** Opening Data section block **

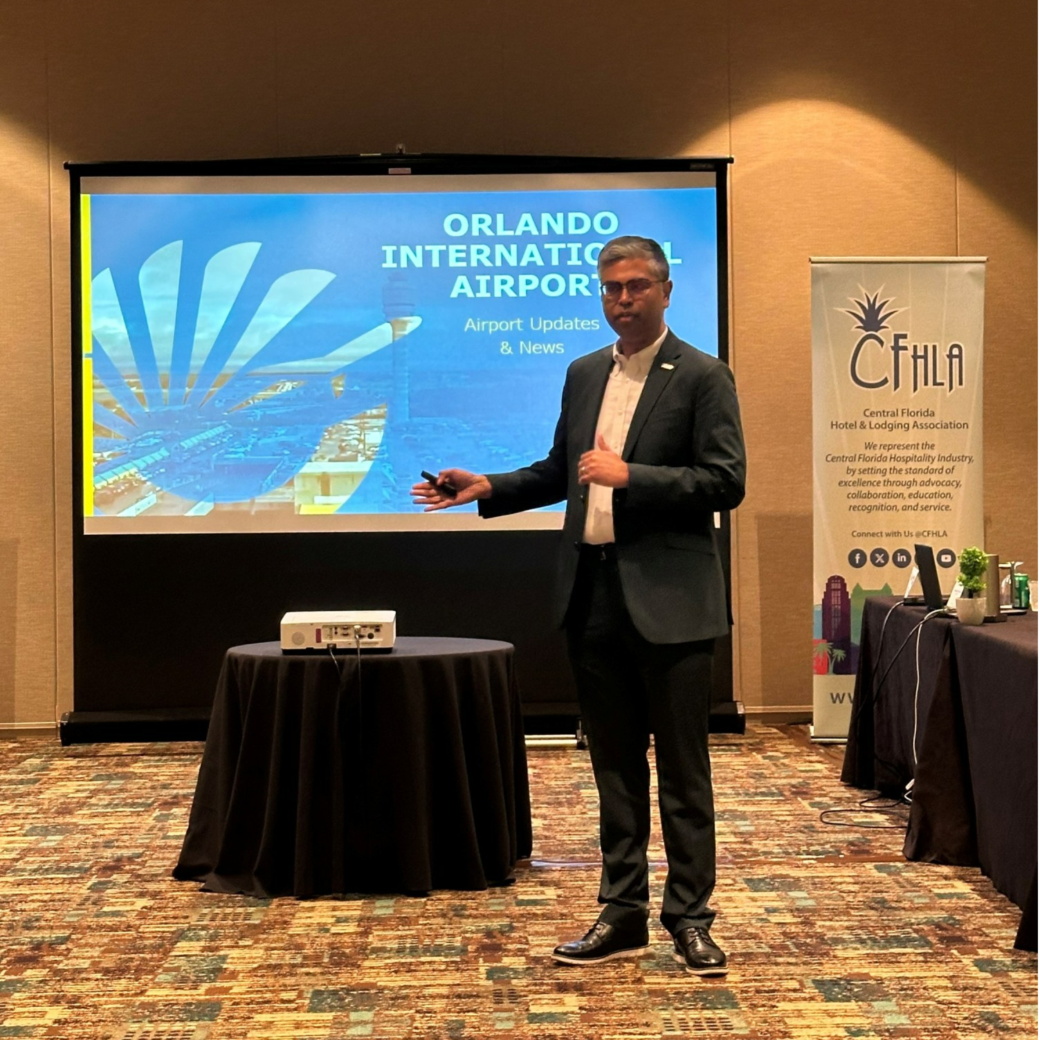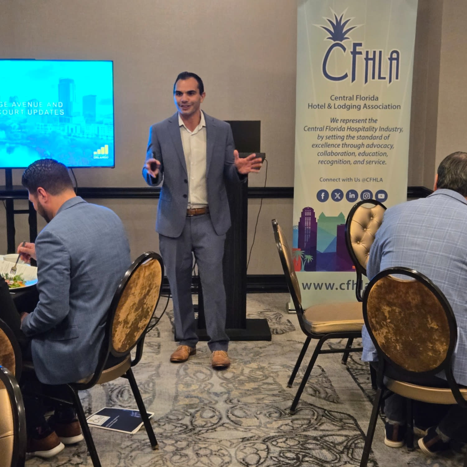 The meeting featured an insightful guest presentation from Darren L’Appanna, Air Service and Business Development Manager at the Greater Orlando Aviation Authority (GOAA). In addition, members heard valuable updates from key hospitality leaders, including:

** Closing Data section block **
** Opening Data section block **

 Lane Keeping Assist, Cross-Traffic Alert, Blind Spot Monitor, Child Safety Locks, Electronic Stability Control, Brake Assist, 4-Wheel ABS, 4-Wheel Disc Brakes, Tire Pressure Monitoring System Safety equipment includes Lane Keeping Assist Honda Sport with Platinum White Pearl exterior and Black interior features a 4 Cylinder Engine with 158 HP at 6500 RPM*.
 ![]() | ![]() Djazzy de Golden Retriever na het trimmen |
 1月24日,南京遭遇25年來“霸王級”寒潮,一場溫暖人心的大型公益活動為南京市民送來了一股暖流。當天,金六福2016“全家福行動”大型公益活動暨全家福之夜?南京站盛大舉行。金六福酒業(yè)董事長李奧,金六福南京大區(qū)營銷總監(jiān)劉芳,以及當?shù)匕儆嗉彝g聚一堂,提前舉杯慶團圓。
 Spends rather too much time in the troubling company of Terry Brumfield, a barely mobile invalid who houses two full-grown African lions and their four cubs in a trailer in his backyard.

** Closing Data section block **
** Opening Data section block **

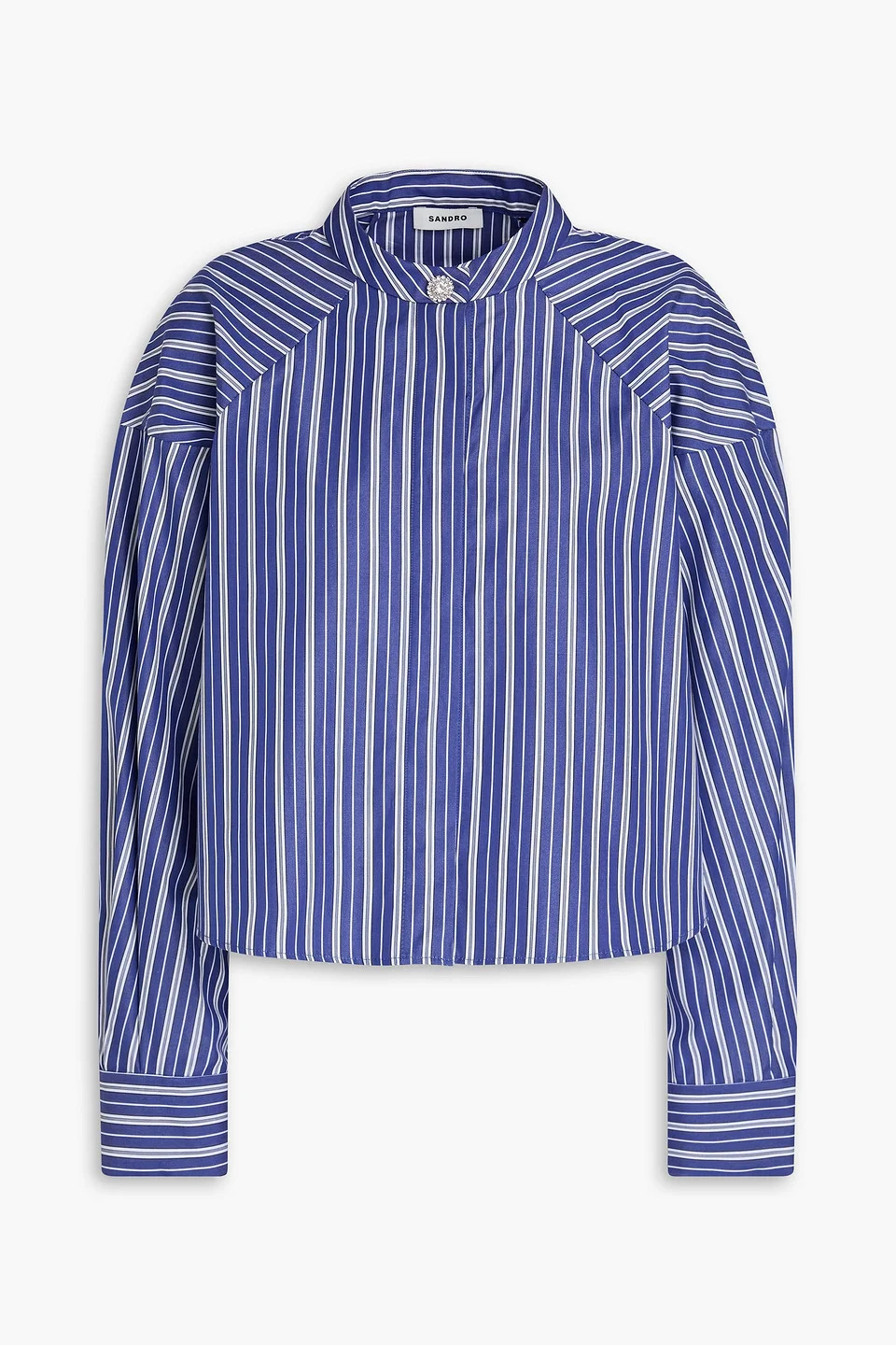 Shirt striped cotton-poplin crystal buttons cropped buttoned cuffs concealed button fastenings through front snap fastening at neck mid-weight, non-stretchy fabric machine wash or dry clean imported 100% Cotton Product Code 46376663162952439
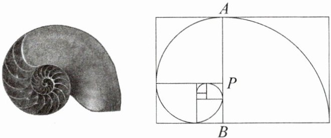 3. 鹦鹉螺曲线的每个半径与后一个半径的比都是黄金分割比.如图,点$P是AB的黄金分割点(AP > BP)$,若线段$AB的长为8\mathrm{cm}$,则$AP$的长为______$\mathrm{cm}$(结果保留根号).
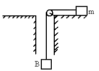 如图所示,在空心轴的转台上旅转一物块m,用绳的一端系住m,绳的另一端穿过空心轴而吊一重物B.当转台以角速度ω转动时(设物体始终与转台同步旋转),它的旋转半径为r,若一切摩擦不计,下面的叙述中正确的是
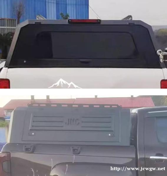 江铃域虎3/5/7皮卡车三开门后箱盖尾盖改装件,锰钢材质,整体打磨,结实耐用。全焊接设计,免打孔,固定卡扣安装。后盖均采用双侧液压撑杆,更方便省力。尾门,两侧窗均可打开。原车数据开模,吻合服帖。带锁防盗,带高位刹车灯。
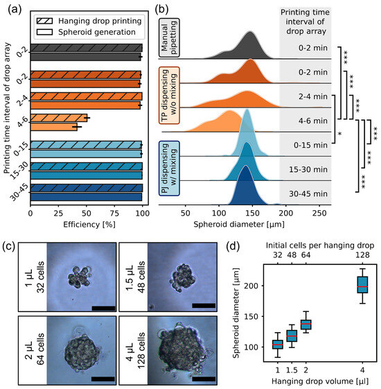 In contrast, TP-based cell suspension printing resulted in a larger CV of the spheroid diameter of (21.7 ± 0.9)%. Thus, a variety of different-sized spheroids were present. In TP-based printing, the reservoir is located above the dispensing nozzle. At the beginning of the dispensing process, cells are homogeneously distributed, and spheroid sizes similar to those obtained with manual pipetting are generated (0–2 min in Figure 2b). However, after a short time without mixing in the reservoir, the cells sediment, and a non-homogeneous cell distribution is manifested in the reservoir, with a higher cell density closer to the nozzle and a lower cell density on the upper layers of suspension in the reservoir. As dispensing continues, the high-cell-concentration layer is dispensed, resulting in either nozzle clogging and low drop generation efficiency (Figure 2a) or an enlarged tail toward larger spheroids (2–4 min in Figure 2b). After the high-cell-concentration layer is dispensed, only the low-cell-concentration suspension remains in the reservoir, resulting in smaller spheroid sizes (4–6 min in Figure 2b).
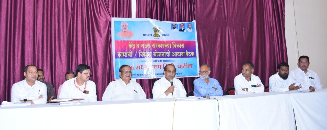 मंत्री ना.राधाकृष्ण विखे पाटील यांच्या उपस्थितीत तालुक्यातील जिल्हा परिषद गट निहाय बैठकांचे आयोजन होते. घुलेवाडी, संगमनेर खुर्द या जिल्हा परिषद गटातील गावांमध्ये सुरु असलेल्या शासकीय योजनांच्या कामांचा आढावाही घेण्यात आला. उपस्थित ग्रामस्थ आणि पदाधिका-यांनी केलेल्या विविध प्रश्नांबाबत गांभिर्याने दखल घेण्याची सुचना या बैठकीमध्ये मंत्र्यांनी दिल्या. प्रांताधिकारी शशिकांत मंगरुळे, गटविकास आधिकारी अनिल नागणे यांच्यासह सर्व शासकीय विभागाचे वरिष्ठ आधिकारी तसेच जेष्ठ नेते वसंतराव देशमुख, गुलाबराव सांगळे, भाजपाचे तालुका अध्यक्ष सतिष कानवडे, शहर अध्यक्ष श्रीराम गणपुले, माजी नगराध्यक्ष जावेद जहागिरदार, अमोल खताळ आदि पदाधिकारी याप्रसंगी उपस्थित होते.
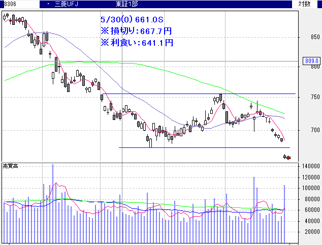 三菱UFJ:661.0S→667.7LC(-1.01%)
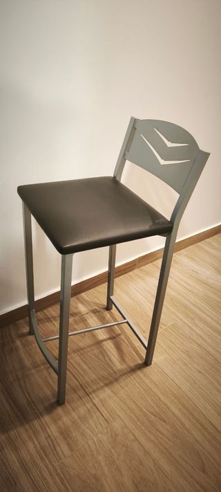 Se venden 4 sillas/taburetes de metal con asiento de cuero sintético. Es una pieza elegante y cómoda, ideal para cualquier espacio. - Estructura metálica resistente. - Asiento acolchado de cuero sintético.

** Closing Data section block **

#### [Exercise directions]
In the records above, everything from the line with "三菱UFJ:661.0S→667.7LC(-1.01%)" down to the line with "Se venden 4" is to be set down exactly, both ends included, with no pictures and no other lines.

#### [Task solution]
 三菱UFJ:661.0S→667.7LC(-1.01%)
 Se venden 4 sillas/taburetes de metal con asiento de cuero sintético. Es una pieza elegante y cómoda, ideal para cualquier espacio. - Estructura metálica resistente. - Asiento acolchado de cuero sintético.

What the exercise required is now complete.